The weighted factors \(w_1\) and \(w_2\) influence the balance between internal and external coherence. Users can adjust the weighted factors to decide completed effect. \(w_1\) is usually set larger than \(w_2\) to avoid trivial solution. When \(w_2\) is set much larger than \(w_1\), patches may repeat too many times in the hole.

3.2 Iterative optimization with dynamic patches

To achieve global optimum completion is intractable in general, due to the massive solution space and time-consuming energy term evaluation. The energy function is non-convex and has lots of local minimum. Iterative optimization scheme is commonly applied to achieve approximate solutions. The idea that lies behind the scheme is to use the result of the previous iteration to initialize the next iteration. Then, the energy of the objective function is constrained not to increase in each iteration. Wexler et al. [31] proposed a “search and vote” iterative scheme to tackle the optimization. In our optimization, we also employ the “search and vote” scheme with advancing techniques. In the search phases, we introduce a parallel search strategy and a competitive mechanism to find the suitable patches. In the vote phases, we employ the graph cuts technique [20] to achieve seamless connection between patches. The pseudocode of our iterative optimization is shown in Algorithm 1.

figure f

3.2.1 Parallel search with competitive mechanism

Parallel search An effective method for patch searching is PatchMatch which is a randomized correspondence algorithm for structural image editing [3]. It first fills the hole by randomly picking up patches in the image and then looks for approximate nearest-neighbor matches between source patches rapidly. In the search process, good matches will propagate and random search is conducted to explore potential matches. In order to search for multiple size patches, we use a modified PatchMatch algorithm. We conducted a parallel search for different sizes of patches in the known region. The number of different size patches v is defined by the users. Obviously, the more different patches are searched, the higher the computational cost. It requires high computing power and mass memory to store patches. Thus, we take advantages of the graphics processing unit (GPU) in our approach. GPU is a multi-thread, highly parallel processor that is suitable for massive data operations. The stream of GPU processing enables our multi-size patch search to be operated in the form of parallel acceleration. With the GPGPU ability emerged in CUDA, we can explore parallel programming model with shared memory and search for different size patches simultaneously. Different size patches found in this phase will be retrieved as candidates and enter the competition in the next stage.

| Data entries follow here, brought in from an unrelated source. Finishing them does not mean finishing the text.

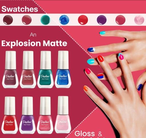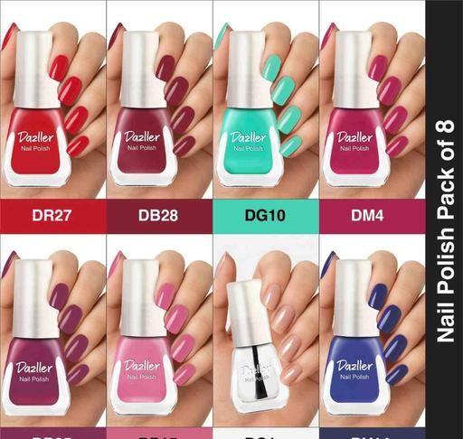 Name: Quick Dry Long Lasting Nail Polish Pack of 8 Multicolor Combo - Chip Resistant, Acetone-Free Formula, Rich Pigmentation - French Nails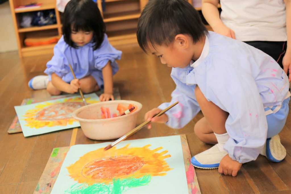 ところが、さくら組の教室をのぞいたら…、子どもたちが描いたひまわりが画用紙いっぱいに咲いていました
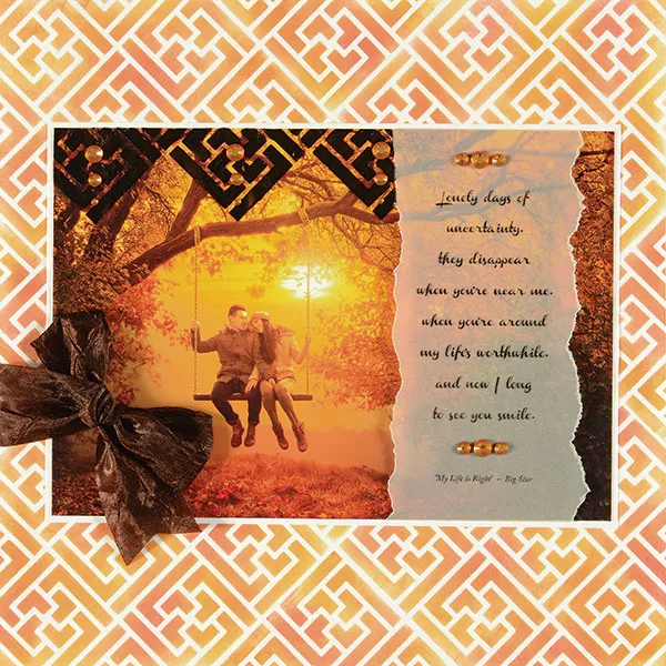 Embellishing: Place orange bling on the woven lattice design on the photo, and at the top and bottom of the journaling as shown.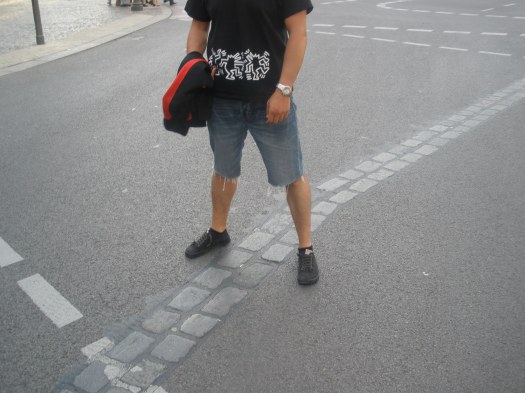 Dentro de la verborrea lagrimal de la capital alemana, merodea una ingente cantidad de elementos categóricos que interaccionan en el marco de un exiguo marco espaciotemporal, como las dos líneas de adoquín que les muestro y que se hallaban enfrente de una cadena de cafés, que indicaban que el Muro (die Mauer) pasaba por allí. Mis piernas reposaban a ambos lados de algo que fue pared una vez y que ha servido para salvar las formas indelebles del turismo, para que vayamos allí y para que yo flipe y escriba sobre todas estas cosas de una puñetera vez -el adoquinado penetraba muy sexualmente, sin sutilezas, en el interior vaginal de la franquicia o la franquicia se lo hacía con el adoquinado abierto en canal, qué más me da-.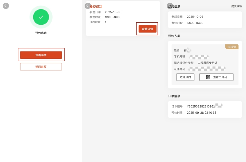四、预约完成后,点击“查看详情”就能看到预约信息,还能取消预约或保存二维码(截图存好并携带相关证件,入馆核销超方便)。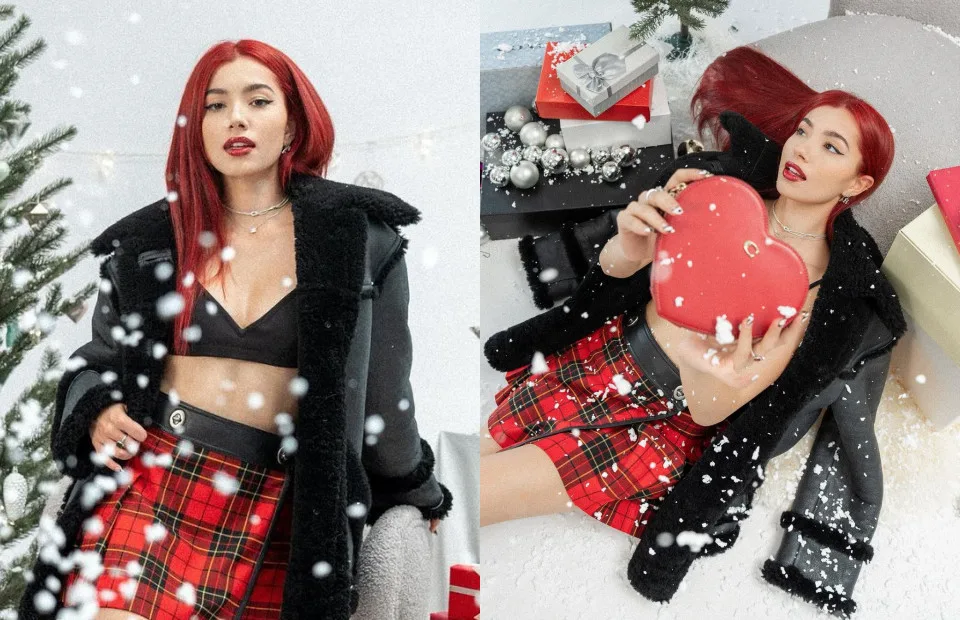 Sporting fiery red hair, the former child star was clad in a black brassiere underneath a cozy winter coat. She also complimented her rockstar chic look with a checkered skirt and a heart-shaped bag from the luxury brand. “Falling heart for you. Holiday mood and it’s time to feel the wonder,” Amelia captioned her post. The photos were also reposted on Oh My Media’s official FB page.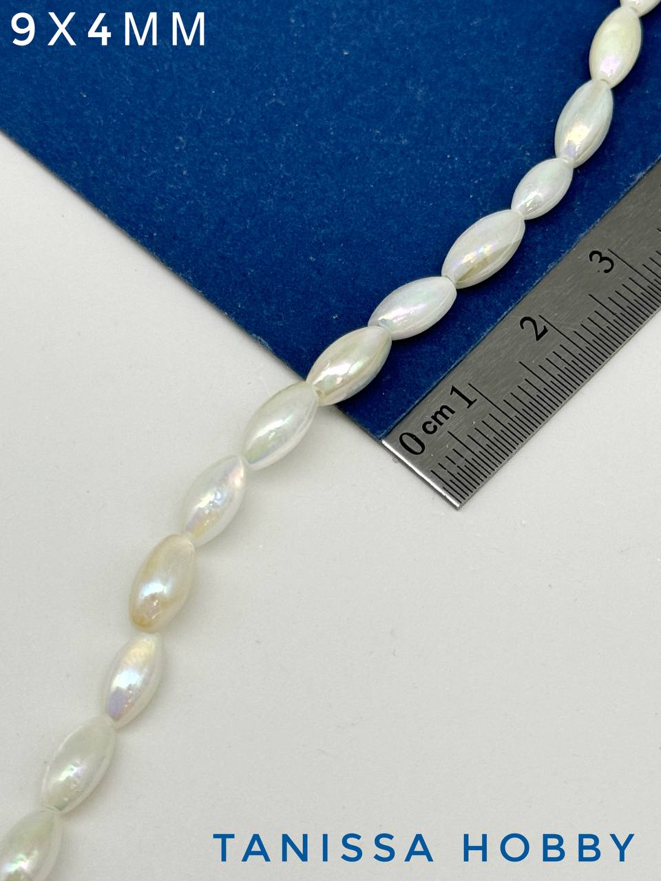 Перламутр бусины речной радужный, рис, 9х4мм, нить, ПМ139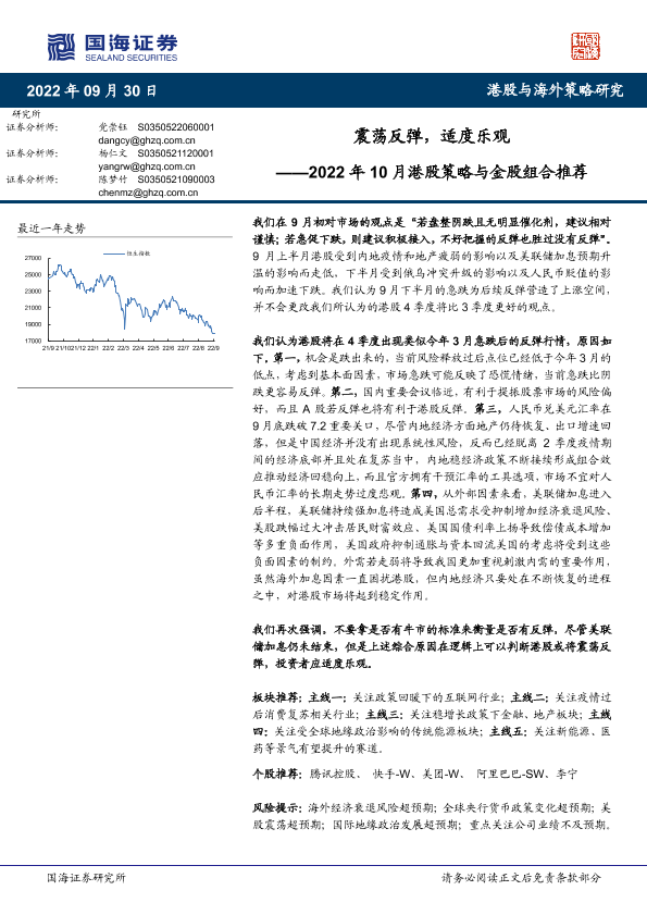 【国海证券】【20220930】2022年10月港股策略与金股组合推荐:震荡反弹,适度乐观-35页

Competitive mechanism Candidate patches have to compete to enter the hole and become part of the filling content. To simulate the process of competition, we calculate the unit energy term \(U_{h_i}\) of every \(h_i \times h_i\) patch:

$$\begin{aligned} U_{h_i}= \dfrac{D_{m}({P_{h_i \times h_i } , Q_{h_i \times h_i }) }}{h_i^2} \end{aligned}$$
(7)

The patch with the lowest \(U_{h_i}\) will be selected to enter the voting phases. Supposed that there are v candidates attending the competition, the winner satisfies:

$$\begin{aligned} P_{\mathrm{win}}=\arg \min \{ U_{h_i} \},\quad i=1,2 \ldots v \end{aligned}$$
(8)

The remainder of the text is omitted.